■ Data records:

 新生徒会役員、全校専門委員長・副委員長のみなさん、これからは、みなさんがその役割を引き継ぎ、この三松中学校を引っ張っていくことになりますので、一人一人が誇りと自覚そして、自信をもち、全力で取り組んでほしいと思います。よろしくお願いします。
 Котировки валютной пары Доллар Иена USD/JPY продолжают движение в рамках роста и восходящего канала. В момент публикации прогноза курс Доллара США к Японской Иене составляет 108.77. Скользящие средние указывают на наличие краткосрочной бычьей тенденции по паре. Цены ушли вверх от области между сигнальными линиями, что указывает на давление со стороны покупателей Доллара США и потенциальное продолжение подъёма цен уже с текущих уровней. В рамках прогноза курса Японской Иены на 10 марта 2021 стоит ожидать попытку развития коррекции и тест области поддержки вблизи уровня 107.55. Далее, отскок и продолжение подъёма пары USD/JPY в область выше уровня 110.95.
...
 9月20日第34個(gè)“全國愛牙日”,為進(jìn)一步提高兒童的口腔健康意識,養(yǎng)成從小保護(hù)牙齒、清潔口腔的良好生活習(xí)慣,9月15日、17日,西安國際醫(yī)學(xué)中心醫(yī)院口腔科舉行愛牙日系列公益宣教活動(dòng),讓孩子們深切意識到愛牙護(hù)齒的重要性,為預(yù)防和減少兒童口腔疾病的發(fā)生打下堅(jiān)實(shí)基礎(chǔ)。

■ What the task asks:
Reproduce exactly, and only, the part of the listing above that begins at the line with "新生徒会役員、全校専門委員長" and goes on through the line with "Котировки валютной пары".

■ Output for this exercise:
 新生徒会役員、全校専門委員長・副委員長のみなさん、これからは、みなさんがその役割を引き継ぎ、この三松中学校を引っ張っていくことになりますので、一人一人が誇りと自覚そして、自信をもち、全力で取り組んでほしいと思います。よろしくお願いします。
 Котировки валютной пары Доллар Иена USD/JPY продолжают движение в рамках роста и восходящего канала. В момент публикации прогноза курс Доллара США к Японской Иене составляет 108.77. Скользящие средние указывают на наличие краткосрочной бычьей тенденции по паре. Цены ушли вверх от области между сигнальными линиями, что указывает на давление со стороны покупателей Доллара США и потенциальное продолжение подъёма цен уже с текущих уровней. В рамках прогноза курса Японской Иены на 10 марта 2021 стоит ожидать попытку развития коррекции и тест области поддержки вблизи уровня 107.55. Далее, отскок и продолжение подъёма пары USD/JPY в область выше уровня 110.95.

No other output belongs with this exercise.